### AIM OF THE EXERCISE
Reproduce the listing below in full and exactly; no pictures belong in the copy.

### RECORDS TO PROCESS
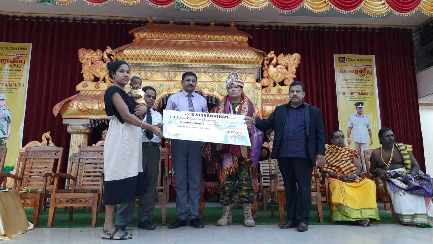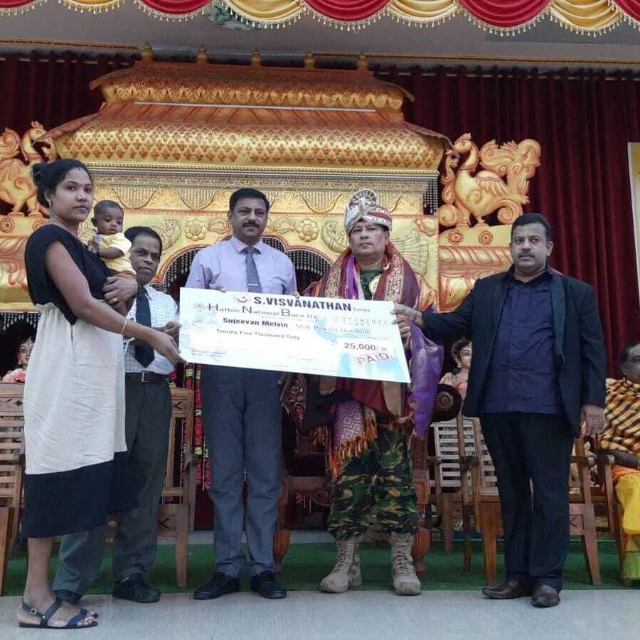 என் நிகழ்வில் குளோபல் அசோசியேசன் ஐரோப்பாவுக்கான தலைமை ஒருங்கிணைப்பாளர் விஸ்வநாதனின் அன்பளிப்பில் பாலூட்டும் தாய்மார்களுக்கான தலா 25,000 ரூபாய் காசோலைகள் இரண்டும், வறுமை கோட்டுக்கு உட்பட்ட குடும்பத்தில் திருமண பந்தத்தில் இணைந்த தம்பதியினர் ஒருவருக்கு 50 ஆயிரம் ரூபாய் காசோலை அன்பளிப்பாக வழங்கப்பட்டது.
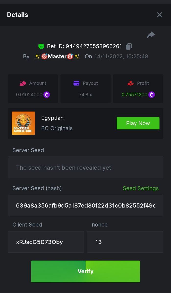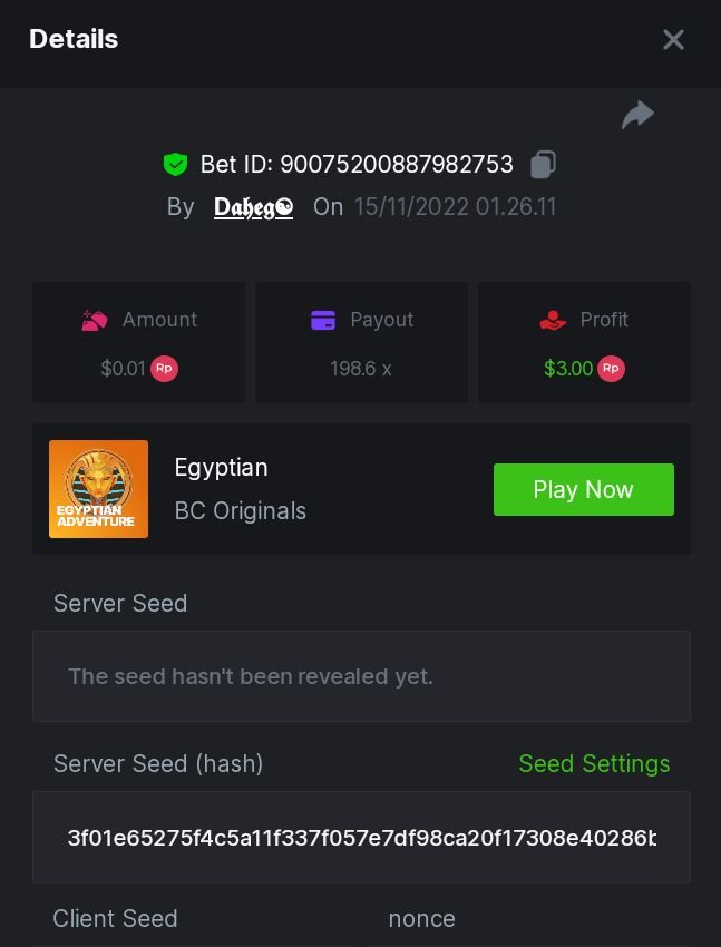Moderator Giandreas Posted November 14, 2022 Moderator Share Posted November 14, 2022 https://hash.game/#/sd/10X5WVZS6NEKNN https://hash.game/game/egyptian#/user/profile/4456056 Link to comment Share on other sites More sharing options...
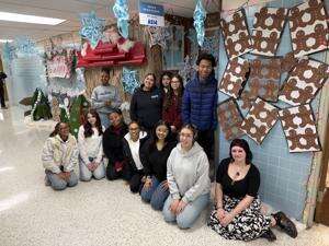 One of the holiday displays created by the Mental Health & Behavioral Sciences students at BAVTS transforms the hallway outside their classroom into a cheerful, welcoming winter scene. The space is filled with handmade decorations, including oversize paper snowflakes hanging from the ceiling, festive string lights and colorful paper chains that frame the display and highlight the students’ work.
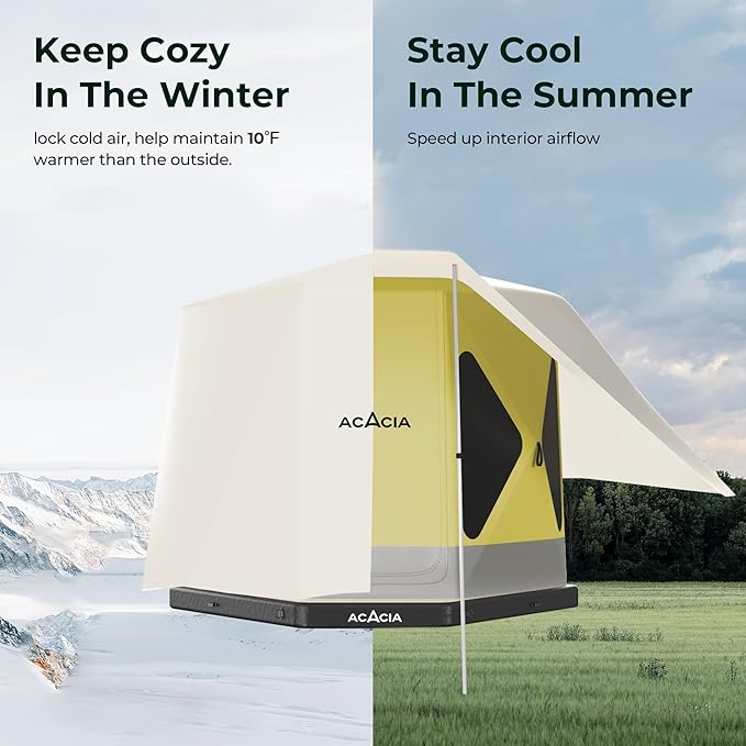 - All SEASON COMFORT: Generously sized canopy casts expansive cooling shade in summer, allowing hot air to pass through the tent and exit via the canopy, ensuring you stay cool in the heat. It acts as an extra insulation layer in winter, effectively raising the interior temperature by 10°F compared to the outside.
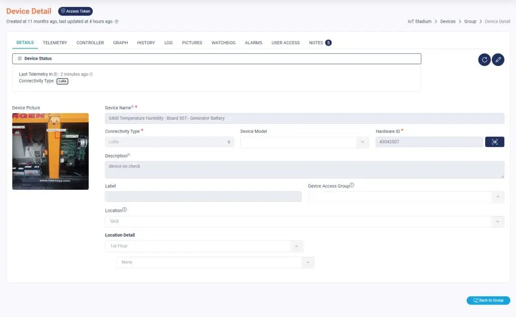 This page will contain all the details about your device. From its Name, selection of Connectivity Type, selection of Device Model, Hardware ID, Description, Label, Device Access Group, Location and Location Detail.

### RESULT FOR THIS TASK
 என் நிகழ்வில் குளோபல் அசோசியேசன் ஐரோப்பாவுக்கான தலைமை ஒருங்கிணைப்பாளர் விஸ்வநாதனின் அன்பளிப்பில் பாலூட்டும் தாய்மார்களுக்கான தலா 25,000 ரூபாய் காசோலைகள் இரண்டும், வறுமை கோட்டுக்கு உட்பட்ட குடும்பத்தில் திருமண பந்தத்தில் இணைந்த தம்பதியினர் ஒருவருக்கு 50 ஆயிரம் ரூபாய் காசோலை அன்பளிப்பாக வழங்கப்பட்டது.
Moderator Giandreas Posted November 14, 2022 Moderator Share Posted November 14, 2022 https://hash.game/#/sd/10X5WVZS6NEKNN https://hash.game/game/egyptian#/user/profile/4456056 Link to comment Share on other sites More sharing options...
 One of the holiday displays created by the Mental Health & Behavioral Sciences students at BAVTS transforms the hallway outside their classroom into a cheerful, welcoming winter scene. The space is filled with handmade decorations, including oversize paper snowflakes hanging from the ceiling, festive string lights and colorful paper chains that frame the display and highlight the students’ work.
 - All SEASON COMFORT: Generously sized canopy casts expansive cooling shade in summer, allowing hot air to pass through the tent and exit via the canopy, ensuring you stay cool in the heat. It acts as an extra insulation layer in winter, effectively raising the interior temperature by 10°F compared to the outside.
 This page will contain all the details about your device. From its Name, selection of Connectivity Type, selection of Device Model, Hardware ID, Description, Label, Device Access Group, Location and Location Detail.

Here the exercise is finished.